From Novice to Expert in Autonomous Driving: Understanding Camera ISP

1. Definition and Function of ISP

2. Components of ISP

3. Role and Workflow of ISP

4. Challenges and Development Trends of ISP

1. Definition and Function of ISP

The camera mainly consists of a lens, photosensitive elements, filters, an Image Signal Processor (ISP), and image transmission interfaces, as mentioned earlier.

From Novice to Expert in Autonomous Driving: Understanding Camera ISP

The ISP is the core component of the camera, primarily responsible for post-processing the raw signals output by the front-end photosensitive elements (CMOS/CCD). Through a series of complex algorithms, it processes image signals in real-time, ultimately outputting high-quality images. It is a key link in the camera imaging process and has a decisive impact on image quality. The functions of the ISP encompass all aspects of image processing, from initial signal processing to final image optimization, including automatic exposure (AE), automatic white balance (AWB), auto-focus (AF), bad pixel correction, noise reduction, strong light suppression, backlight compensation, color enhancement, lens shading correction, image cropping, color space conversion, and image stabilization.

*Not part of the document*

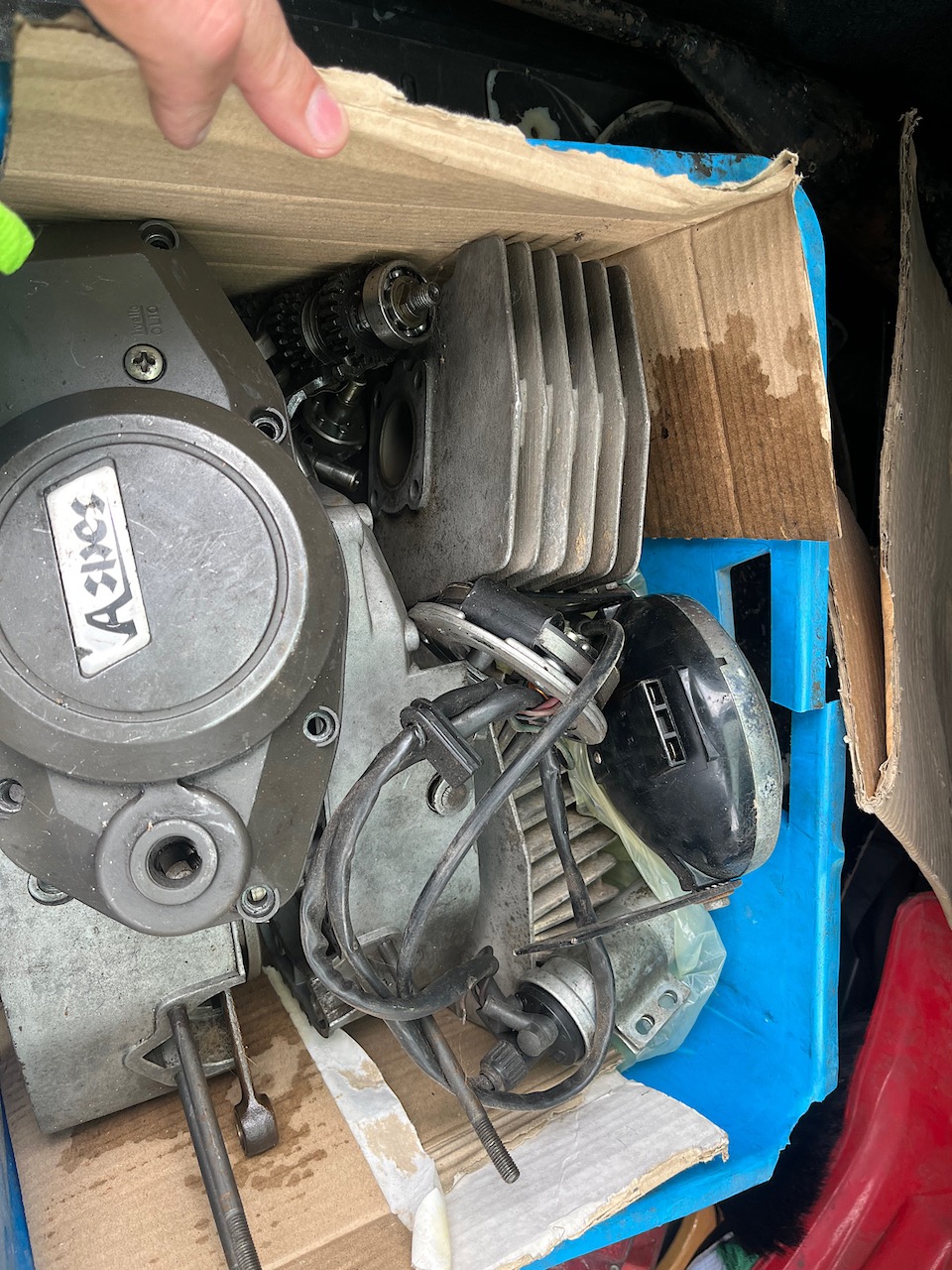 Vor Zerlegung die übliche nochmalige Bestandsaufnahme gemacht, insgesamt ein guter, wenig vergammelter Zustand, hat sich auch beim Zerlegen bestätigt. Es fehlte leider das Innenleben vom Luftfilterkasten, hier konnte mir netter- und glücklicherweise der Florian schon helfen!!! ::- ::-
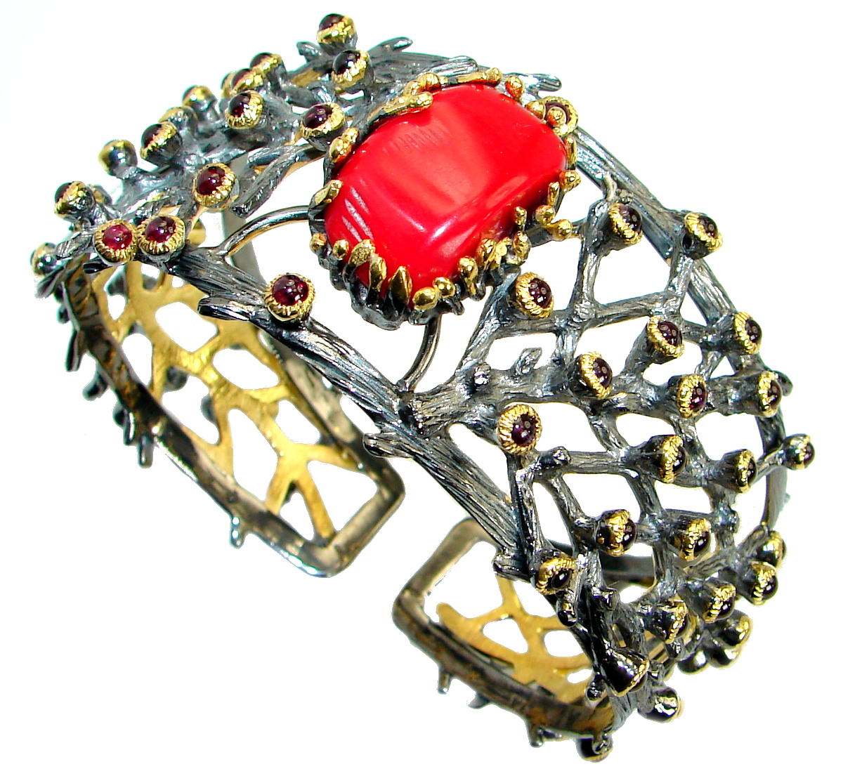Chunky Genuine Fossilized Coral 18 ct Gold Rhodium over .925 Sterling Silver Bracelet / Cuff

The architecture of the ISP can be mainly divided into two types: external ISP and built-in ISP:

External ISP: An ISP chip is separately placed outside the Application Processor (AP) for image signal processing.

Built-in ISP: It is packaged inside the AP and closely integrated with it. In the fierce market competition, external ISP manufacturers that have survived typically have profound expertise in this field, accumulating rich experience in image quality debugging, and can provide better performance and results than built-in ISPs. Therefore, selecting high-quality external ISPs can provide professional and excellent image quality. The selection of external ISPs is generally not affected by the AP, allowing for the selection of the most suitable devices from a variety of excellent ISP chip suppliers to design more outstanding products.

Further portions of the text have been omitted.